Your English is extraordinary. I could easily conclude that you
were born in Boston and educated at Harvard, and either have
Germanic ancestry or have simply adopted a Germanic name
out of whimsy. If English is not your native tongue, there is no
way to detect it.

Argh, late for dropping off my daughter at school now. Must run.
Sorry if I was a bit unclear due to being rushed.


Marshall



------------------------------

Date: Mon, 17 Jul 2006 16:49:31 GMT
From: Darren New <dnew@san.rr.com>
Subject: Re: What is a type error?
Message-Id: <vcPug.24229$Z67.18188@tornado.socal.rr.com>

Chris Smith wrote:

> Darren New <dnew@san.rr.com> wrote:
> 
>>I'm not sure what linear or uniqueness typing is. It's typestate, and if 
>>I remember correctly the papers I read 10 years ago, the folks at 
>>TJWatson that invented Hermes also invented the concept of typestate. 
>>They at least claim to have coined the term.
> 
> Coining the term is one thing, but I feel pretty confident that the idea 
> was not invented in 1986 with the Hermes language, but rather far 
> earlier.

Yes. However, the guys who invented Hermes didn't come up with it out of 
the blue. It was around (in NIL - Network Implementation Language) for 
years beforehand. I read papers about these things in graduate school, 
but I don't know where my photocopies are.

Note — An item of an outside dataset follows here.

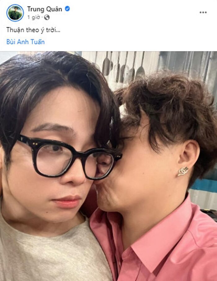 Theo đó, đối tượng thân mật của trung Quân idol không phải ai xa lạ mà chính là bạn thân của anh chàng - nam ca sĩ Bùi Anh Tuấn, cũng là người hát ca khúc Thuận theo ý trời mà Trung Quân idol viết trong dòng trạng thái trên.

NIL was apparently quite successful, but a niche language, designed by 
IBM for programming IBM routers. Hermes was an attempt years later to 
take the same successful formula and turn it into a general-purpose 
programming system, which failed (I believe) for the same reason that a 
general purpose operating system that can't run C programs will fail.

> Perhaps they may have invented the concept of considering it 
> any different from other applications of types, though.  

 From what I can determine, the authors seem to imply that typestate is 
dataflow analysis modified in (at least) two ways:

1) When control flow joins, the new typestate is the intersection of 
typestates coming into the join, where as dataflow analysis doesn't 
guarantee that. (They imply they think dataflow analysis is allowed to 
say "the variable might or might not be initialized here", while 
typestate would ensure the variable is uninitialized.)

2) The user has control over the typestate, so the user can (for 
exmaple) assert a variable is uninitialized at some point, and by doing 
so, make it so.

How this differs from theoretical lambda types and all I couldn't say.

> What is being named here is the overcoming of a limitation that 
> programming language designers imposed upon themselves, whether from not 
> understanding the theoretical research or not believing it important, I 
> don't know.

I believe there's also a certain level of common-senseness needed to 
make a language even marginally popular. :-)  While it's possible that 
there's really no difference between type and typestate at the 
theoretical level, I think most practical programmers would have trouble 
wrapping their head around that, just as programming in an entirely 
recursive pattern when one is used to looping can be disorienting.

-- 
   Darren New / San Diego, CA, USA (PST)
     This octopus isn't tasty. Too many
     tentacles, not enough chops.


------------------------------

Date: Mon, 17 Jul 2006 16:57:34 GMT
From: Darren New <dnew@san.rr.com>
Subject: Re: What is a type error?
Message-Id: <2kPug.24230$Z67.2556@tornado.socal.rr.com>

Joachim Durchholz wrote:
> of no assertion language that can express such temporal relationships, 
> and even if there is (I'm pretty sure there is), I'm rather sceptical 
> that programmers would be able to write correct assertions, or correctly 
> interpret them - temporal logic offers several traps for the unwary. 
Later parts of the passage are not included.